After conducting the required inquiry, and for the reasons stated in the order above,
the Court finds that Borgia has not made a substantial showing of the denial of a
constitutional right. See 28 U.S.C. § 2253(c)(2). Borgia should not receive any
encouragement to proceed further. Slack, 529 U.S. at 484. Because the Court can discern
no good-faith basis for an appeal, see Miller-El, 537 U.S. at 338, any appeal would be
frivolous. The Court will therefore deny a certificate of appealability. The Court will also
deny petitioner leave to appeal in forma pauperis, because the appeal would be frivolous.
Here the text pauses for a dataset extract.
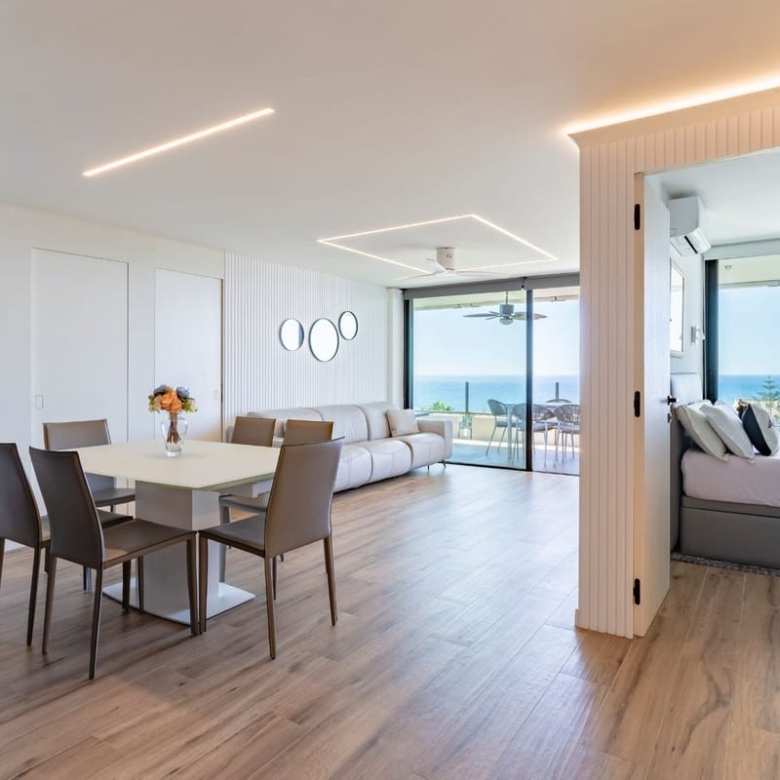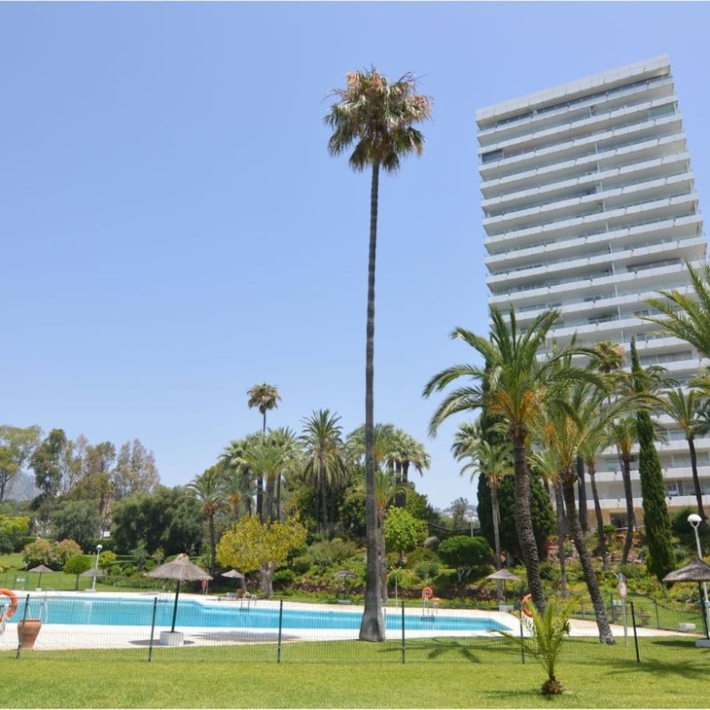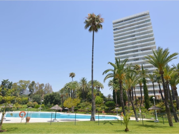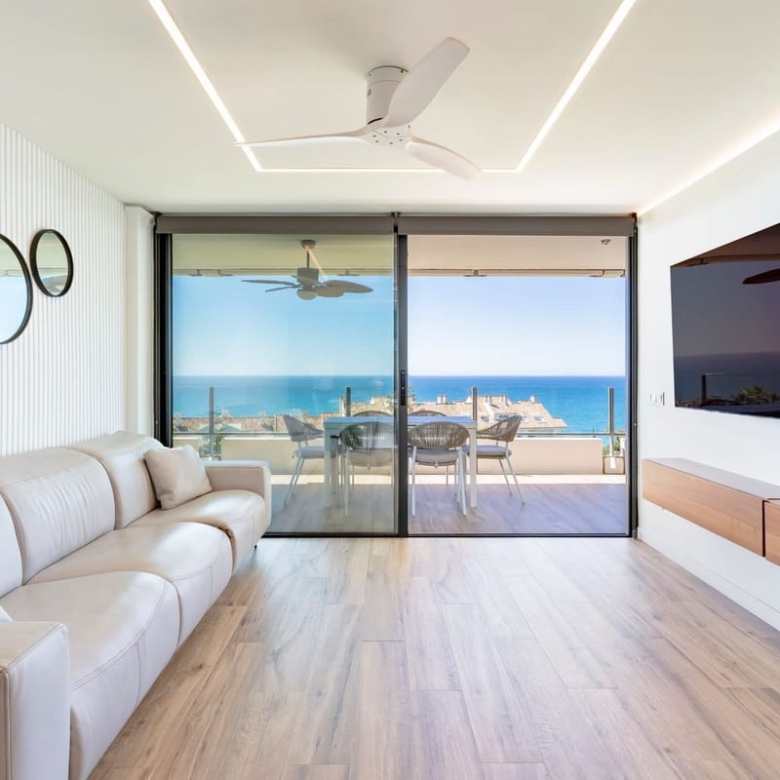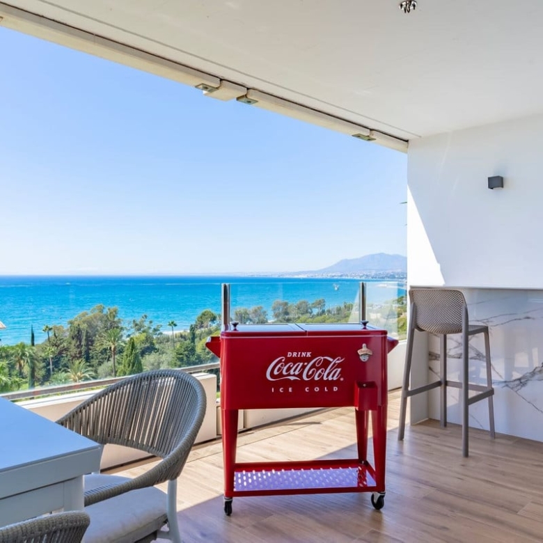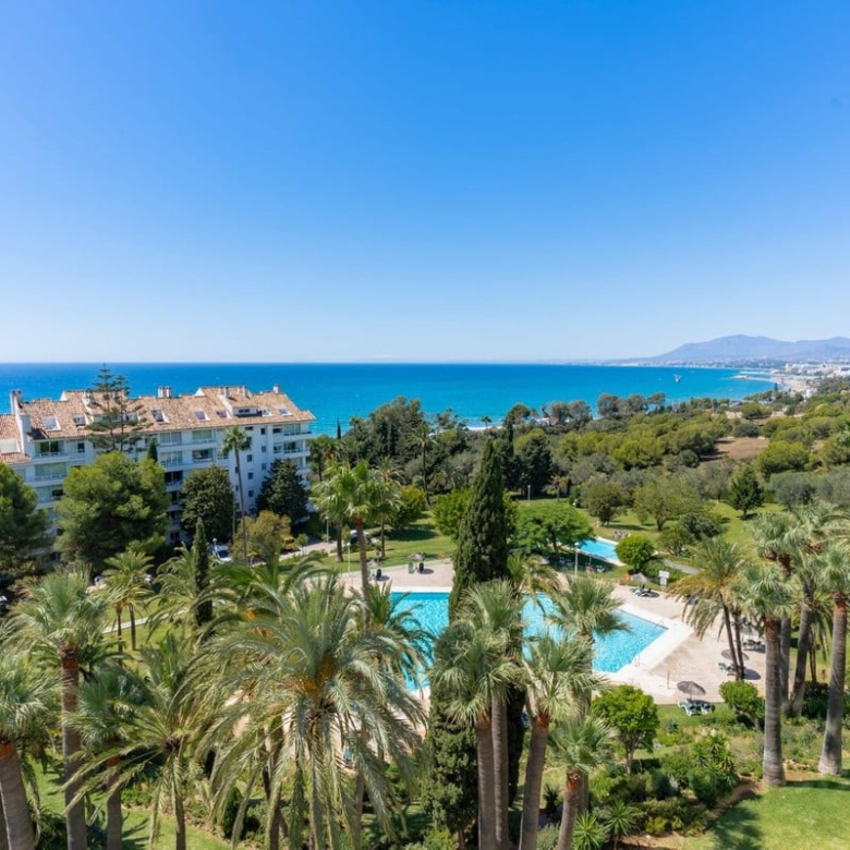 Stunningly refurbished 3-bedroom, 2-bathroom apartment offering breathtaking panoramic views of the Mediterranean Sea, the beautifully landscaped community grounds, and Marbella itself.

See Hence v. Smith, 49 F. Supp. 2d 547, 549 (E.D. Mich. 1999).
WHEREFORE, it is hereby ORDERED that the petition for a writ of habeas corpus
 is DENIED WITH PREJUDICE.
IT IS FURTHER ORDERED that a certificate of appealability is DENIED.
IT IS FURTHER ORDERED that petitioner will be denied leave to appeal in forma
IT IS FURTHER ORDERED that this case is DISMISSED WITH PREJUDICE.
s/Stephen J. Murphy, III
STEPHEN J. MURPHY, III
United States District Judge
Dated: February 24, 2017
I hereby certify that a copy of the foregoing document was served upon the parties and/or
counsel of record on February 24, 2017, by electronic and/or ordinary mail.